Praktek EBM adalah suatu proses yang panjang dan berkelanjutan, melakukan
pembelajaran/analisis berdasarkan masalah yang timbul dari pasien dan karenanya bisa
menemukan informasi yang penting dalam aspek diagnosis, terapi, prognosis atau aspek lainnya
dari pelayanan kesehatan, antara lain pedoman pengobatan dan sebagainya. Melalui proses ini
diharapkan juga dokter akan memfokuskan topic bacaannya pada masalah yang terkait dengan
masalah pasien. Latihan membuat pertanyaan klinis yang baik, dan membuat strategi untuk
mencari jawabannya dalam arsip data dimanapun didunia ini akan lebih produktif dan tetap
terkait dengan masalah klinis dari pada sekedar membaca artikel2 dalam suatu jurnal yang
dipilih. Sebagian ahli beranggapan bahwa EBM merubah kebiasaan para dokter untuk menilai
sebuah artikel dari membaca abstraknya saja, menjadi suatu kebiasaan menelaah secara kritis
suatu artikel untuk kepentingan pasien dan dengan sendirinya memperluas basis pengetahuan
dokter tersebut.2 Banyak pro dan kontra yang timbul dalam penerapan EBM ini, namun
tampaknya pengenalan dan pendalaman EBM merupakan keharusan bagi dokter-dokter
khususnya bagi mereka yang ingin meningkatkan “probabilitas” keberhasilan pelayanan
kedokteran secara profesional.
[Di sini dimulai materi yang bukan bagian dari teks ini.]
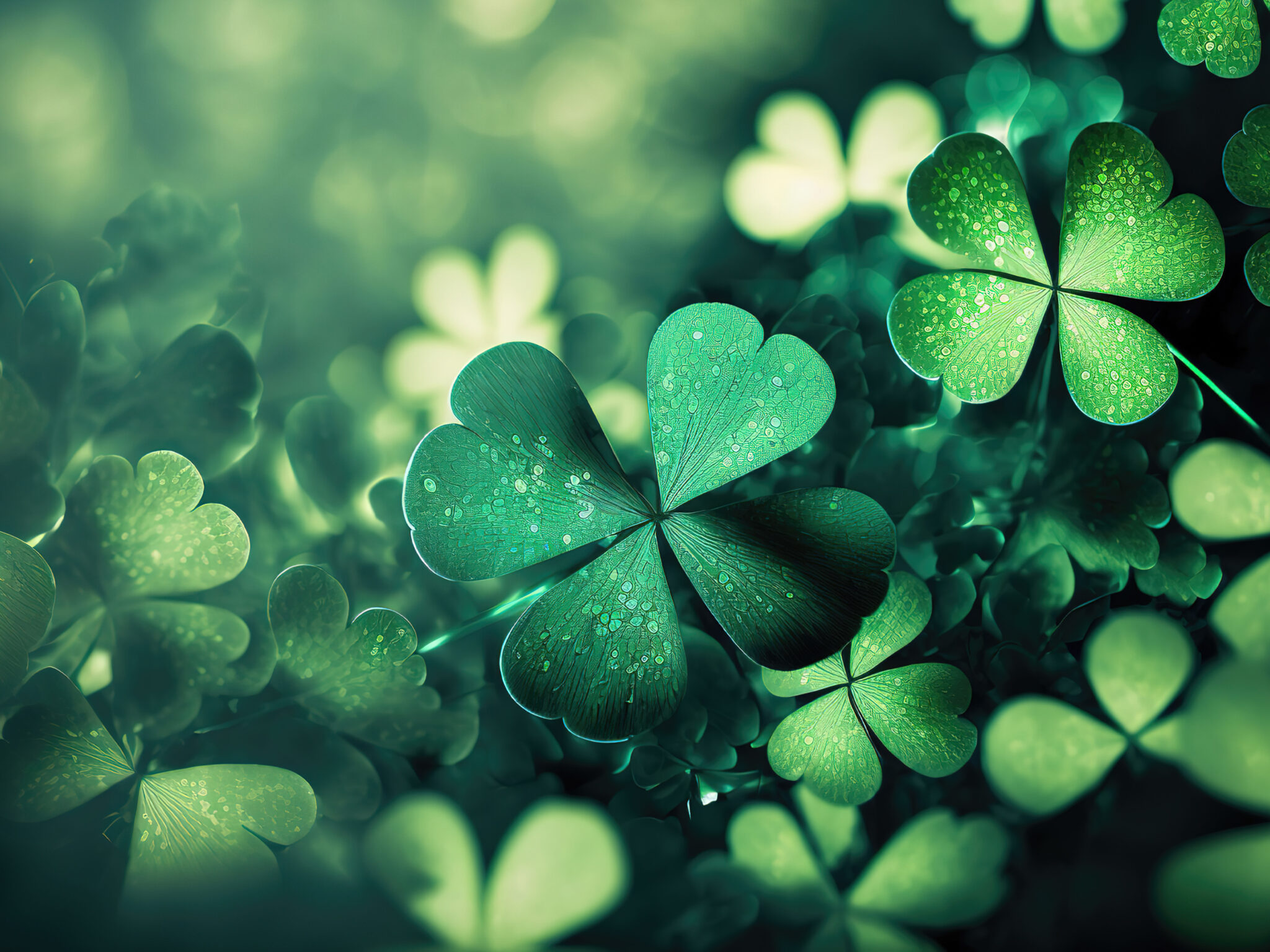 Lush four-leaf clovers glow in vibrant emerald and forest green tones with delicate water droplets catching the light. This AI-generated nature wallpaper works beautifully for 4K desktop monitors and wide-screen displays.

Penelitian tentang kebiasaan mencari informasi dari para dokter
menunjukkan bahwa bila diminta dokter akan mengatakan setiap 3 pasien akan menimbulkan 2
pertanyaan/masalah, padahal fakta penelitian menunjukkan setidaknya 5 pertanyaan timbul dari
setiap pasien, 52% dari pertanyaan ini dapat dijawab oleh dokter tersebut dari catatan medik
atau sistim informasi rumah sakit dan 25% jawaban dapat ditemukan di buku ajar atau basis data
di Internet. 3,4 Diharapkan dalam penerbitan selanjutnya, secara berkala dapat dibahas tinjauan
khusus dan telaah kritis untuk topik / desain penelitian tertentu, dengan contoh-contoh yang
konkrit dalam penatalaksanaan pasien sehari-hari (art).